Говоря это и многое другое, она, закрыв лицо платком, заплакала столь горько, что немного не хватало, чтобы кто-нибудь утешал нас обоих. И если велики были упреки, какие я делал за ее гордость, еще больше было утешение, каким я успокаивал ее в печали; но, побуждая себя к тому, что было более разумно, и повинуясь моей обязанности, ее утешению и чести ее дома, я сказал ей, стараясь быть как можно убедительнее:
– Возможно ли, чтобы в таком необыкновенном характере могла произойти такая перемена и чтобы из глаз, столь полных красоты и презрения, потекли столь смиренные слезы, чтобы по таким стыдливым щекам бежала эта драгоценная влага, которая, будучи способной смягчить сердце самого Бога, проливается и растрачивается из-за какого-то жалкого человека? И если уж подвергать себя опасности, и бросаться очертя голову, и отрекаться от самой себя, то почему вы не выбрали человека лучших качеств и достоинств? И если уж сдается та, которая не могла быть побежденной, так неужели этим победителем должен быть такой несчастный червяк? Ведь здесь красота покоряется безобразию, чистота – грязи и нечистоплотности, и я не знаю, что вы мне можете сказать о таком выборе и столь отвратительном вкусе.
– О, в каком заблуждении, – сказала она, – находятся мужчины, думая, что женщины влюбляются по выбору, или из-за изящества фигуры или красоты лица, или из-за больших или меньших природных качеств, знатности рода, высоты положения, богатства! Я говорю о том, что действительно является любовью… Так вот, чтобы открыть мужчинам глаза, пусть они знают, что у женщин любовь – это продолжающееся желание, рождающееся от взгляда и благодаря взгляду растущее, – в общении оно зарождается и сохраняется, не делая выбора между тем или другим, и та, которая не поостережется этого, падет, без всякого сомнения; из этой постоянности желания родилось мое пламя и благодаря ей разрослось, пока не стало таким огромным, что сделало мои глаза слепыми для всего другого, уши закрытыми для упреков, а волю не способной ни к чему другому. И чем больше вы его черните и унижаете, тем сильнее разгорается любовь и желание. Разве цирюльники из иного теста, чем остальные мужчины, что вы так принижаете занятие, оказывающее столь большую услугу мужчинам, превращая их из стариков в юношей? Вы называете его паршивым из-за нескольких похожих на листья гвоздики царапинок на руках? Разве вы не видите скромности этого лица, кротости его глаз, изящества, с каким он владеет своим голосом? Не унижайте его передо мной, не упрекайте меня за мой вкус, так как бесполезно противоречить этому или стараться не допустить этого.

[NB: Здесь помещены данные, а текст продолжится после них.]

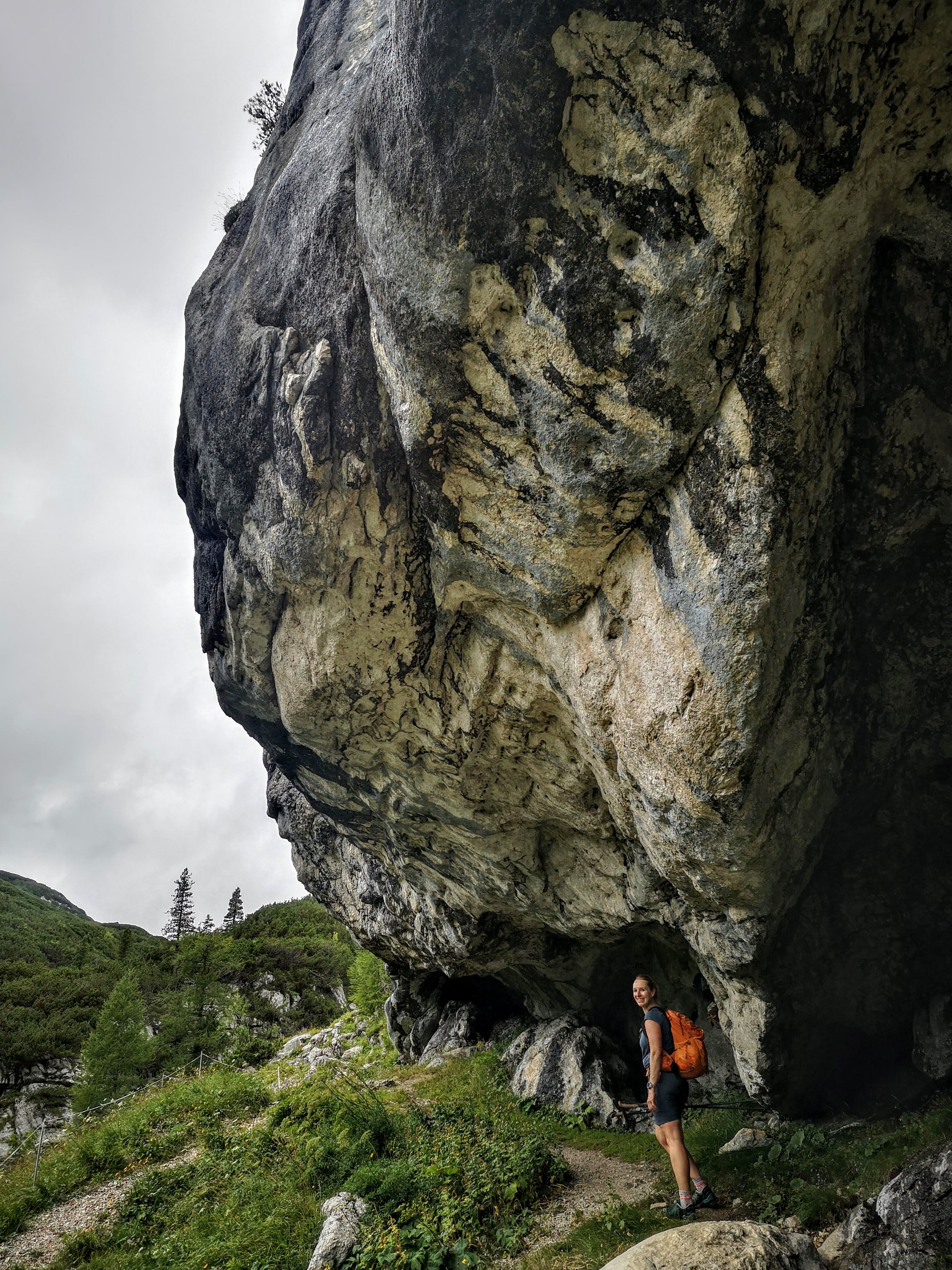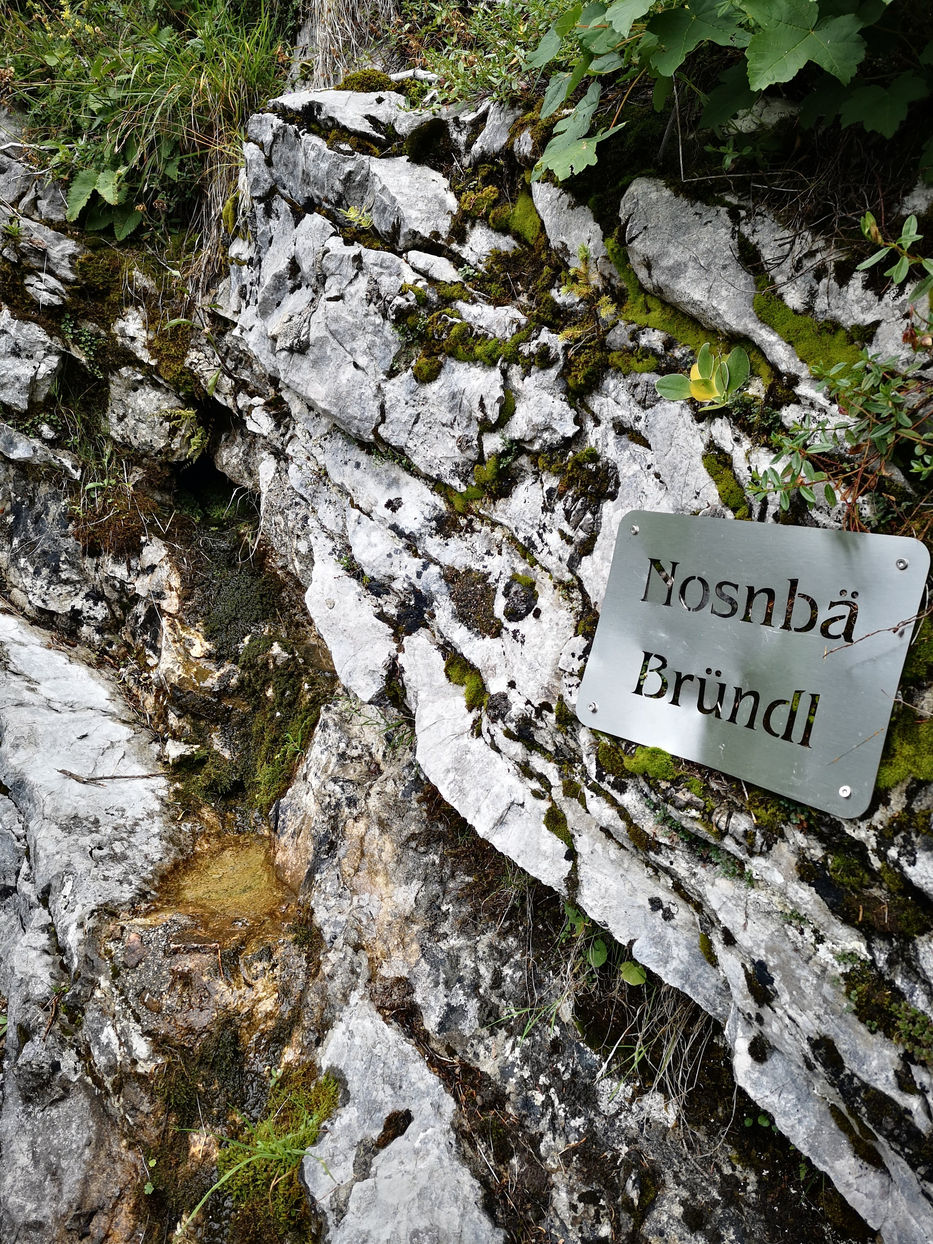 Vorbei am legendären „Nosnbä Bründl“ (dt. Nasenbär Quelle) – mehr tropfend als rinnend. Kurz vom Hochklapfsattel wird der Blick abgelenkt von einem massiv überhängenden Felswandl. Jedes Mal oafach Gewaltig! Überhaupt ist dieser Wegabschnitt nach der Oberwasseralm wunderschön. Am Hochklapfsattel angekommen, folgt man den Wegweisern nach links. Rechts geht’s zum Appelhaus weiter.

– Если бы, – сказал я, – это было мячом, который я мог бы задержать и отбросить! Но раз это зашло так далеко, то я поступлю с вашей милостью так же, как поступаю со своими друзьями, а именно – при выборе советуя им лучшее, что я знаю, а когда выбор сделан, всеми силами помогая им.
Я сказал ей это, чтобы не доводить ее до отчаянья, чтобы постепенно прошло увлечение, которое могло бы привести ее к оскорблению Бога и ее мужа, и с этим я ушел от нее в тот вечер, пораженный зрелищем могущества любви и думая о том, как дурно поступают мужчины, которые, имея дома сокровище, заставляющее их страдать, допускают частые посещения или длительные связи; и насколько хуже поступают отцы, дающие своим дочерям учителей танцев, музыки или пения, если им приходится при этом отсутствовать, и даже меньше будет вреда, если они этого не будут иметь: ведь если они выйдут замуж, с них достаточно доставлять удовольствие своим мужьям, воспитывать своих детей и управлять домом, а если они сделаются монахинями, они научатся этому в монастыре, так что основание для некоторых быть недовольными, возможно, заключается в том, что они уже имели на стороне общения по склонности, которые, как бы скромны они ни были, и у мужчин и у женщин подчиняются общему закону природы.